The Video Summarization Workflow enables analysis and summarization of video content without being constrained by the standard VLM context window limitations, allowing for the analysis of long-form video content.

Capabilities

Use Cases

  • Automated incident report generation

  • Event detection in extended video archives

  • Shift summaries and daily activity reports

Technical Approach

Standard VLMs are limited to processing short video clips, usually less than 1 minute, depending on the number of subsampled frames and level of detail required. This workflow uses a microserivce which will segment videos of any length, analyze each segment with a VLM, and then synthesize the results into a coherent summary with timestamped events.

Estimated Deployment Time: 15-20 minutes

The following diagram illustrates the video summarization architecture:

Vision Agent with Long Video Summarization Architecture

Key Features of the Vision Agent with Long Video Summarization:

  • Quickly generate an overall summary within seconds, offering a high-level narrative of the video.

  • Formulate timestamped highlights of the video based on user-defined events.

  • Processes uploaded video files (minutes to hours in duration)
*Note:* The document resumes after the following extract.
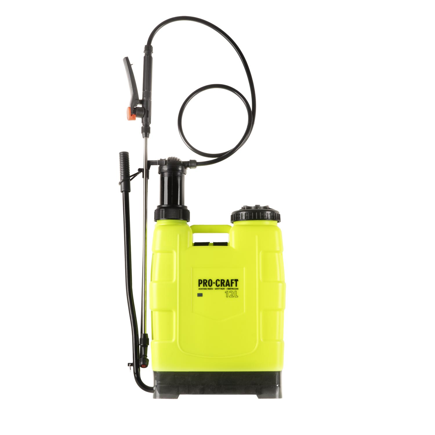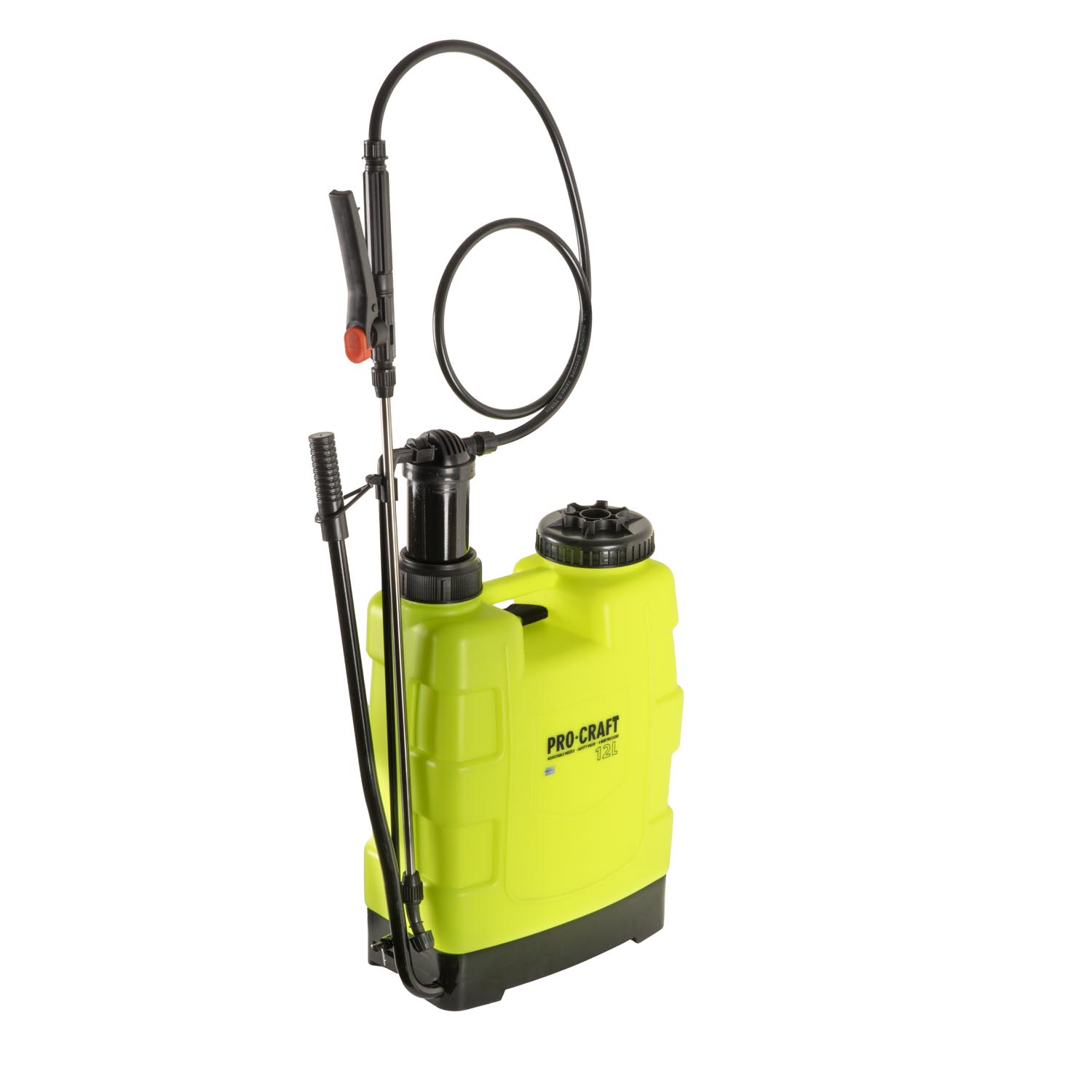 Ručna prskalica Procraft HS-12 Kapacitet spremnika 12 l Metalna cijev za raspršivanje. Raspršivač je izrađen od visokokvalitetnih materijala koji ne pucaju pod tlakom. Opremljen je gumenom brtvom koja je izdržljivija od standardne silikonske brtve. Paket uključuje rezervne zamjenjive mlaznice, praktičnu traku za leđa, brtvene prstenove i udoban pištolj za okidanje. Spremnik raspršivača je proziran, tako da tijekom rada možete vidjeti količinu tekućine.

  • Generates narrative summaries of video content

  • Returns results through the AI agent interface

What’s being deployed#

  • VSS Agent: Agent service that orchestrates tool calls and model inference to answer questions and generate outputs

  • VSS Agent UI: Web UI with chat, video upload, and different views

  • VSS Video IO & Storage (VIOS): Video ingestion, recording, and playback services used by the agent for video access and management

  • Nemotron LLM (NIM): LLM inference service used for reasoning, tool selection, and response generation

  • Cosmos Reason 2 (NIM): Vision-language model with physical reasoning capabilities

  • VSS Long Video Summarization: Microservice for segmenting and summarizing long-form video content

  • ELK (without Logstash): Elasticsearch, and Kibana stack for log storage and analysis

  • Phoenix: Observability and telemetry service for agent workflow monitoring

Prerequisites#

Before you begin, ensure all of the prerequisites are met. See Prerequisites for more details.

Deploy#

Note

For instructions on downloading sample data and the deployment package, see Download Sample Data and Deployment Package in the Quickstart guide.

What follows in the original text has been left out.